WHAT NEEDS TO BE DONE:
A verbatim reproduction of the following listing is required; omit the pictures.

INPUT DATA:

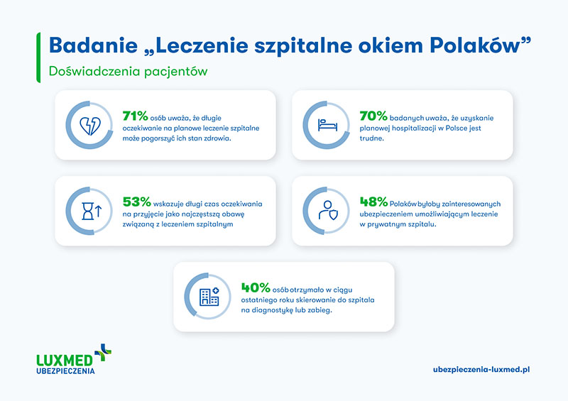 Aż 71% uczestników styczniowego badania „Leczenie szpitalne okiem Polaków” przeprowadzonego dla Grupy LUX MED uznało, że w czasie oczekiwania na leczenie ich stan zdrowia może się znacząco pogorszyć. Blisko połowa ankietowanych wyraziła zainteresowanie ubezpieczeniem szpitalnym, pozwalającym na leczenie w prywatnym szpitalu.
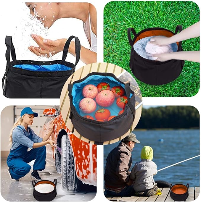 - 【Multi-purpose Use Camp Sink】: It can also be used as foot soaks bucket, backpacking bucket, camping wash sink, fishing bucket, car washing container, storage of small objects container, hiking bucket, family picnic wash bucket;It can also be used as a travel dog bowl, horse feed bucket
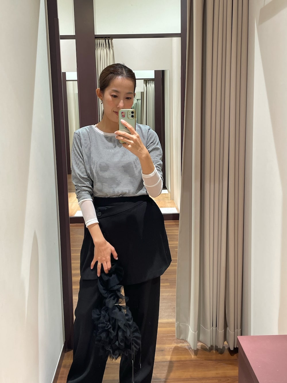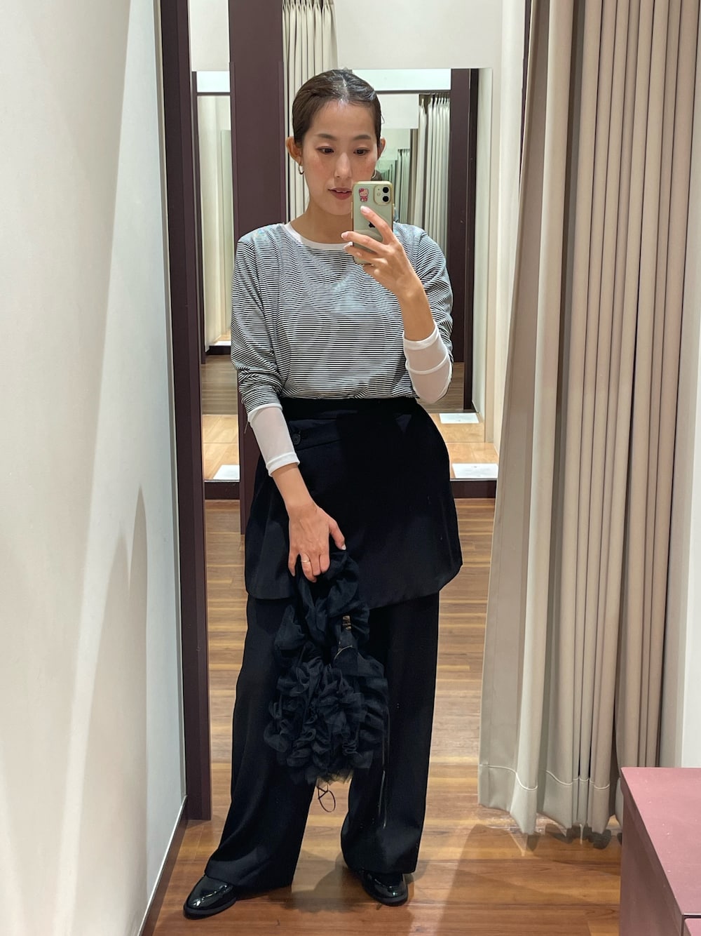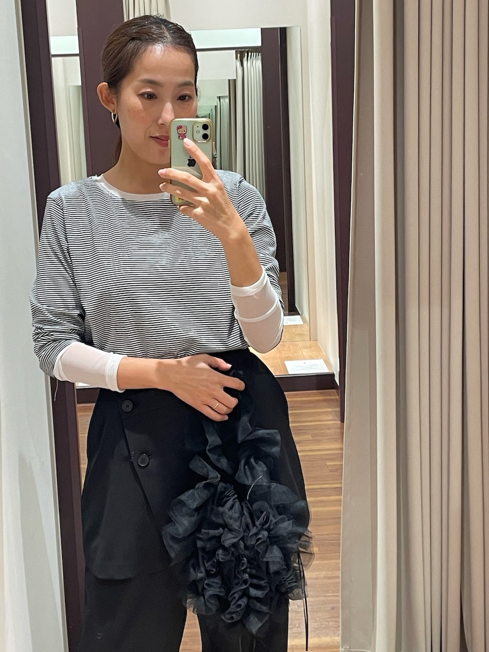 トップスのカットソーは袖部分がチュールになっており重ね着したようなデザインになっていてとても可愛いくてオススメです‼︎

TASK ANSWER:
 Aż 71% uczestników styczniowego badania „Leczenie szpitalne okiem Polaków” przeprowadzonego dla Grupy LUX MED uznało, że w czasie oczekiwania na leczenie ich stan zdrowia może się znacząco pogorszyć. Blisko połowa ankietowanych wyraziła zainteresowanie ubezpieczeniem szpitalnym, pozwalającym na leczenie w prywatnym szpitalu.
 - 【Multi-purpose Use Camp Sink】: It can also be used as foot soaks bucket, backpacking bucket, camping wash sink, fishing bucket, car washing container, storage of small objects container, hiking bucket, family picnic wash bucket;It can also be used as a travel dog bowl, horse feed bucket
 トップスのカットソーは袖部分がチュールになっており重ね着したようなデザインになっていてとても可愛いくてオススメです‼︎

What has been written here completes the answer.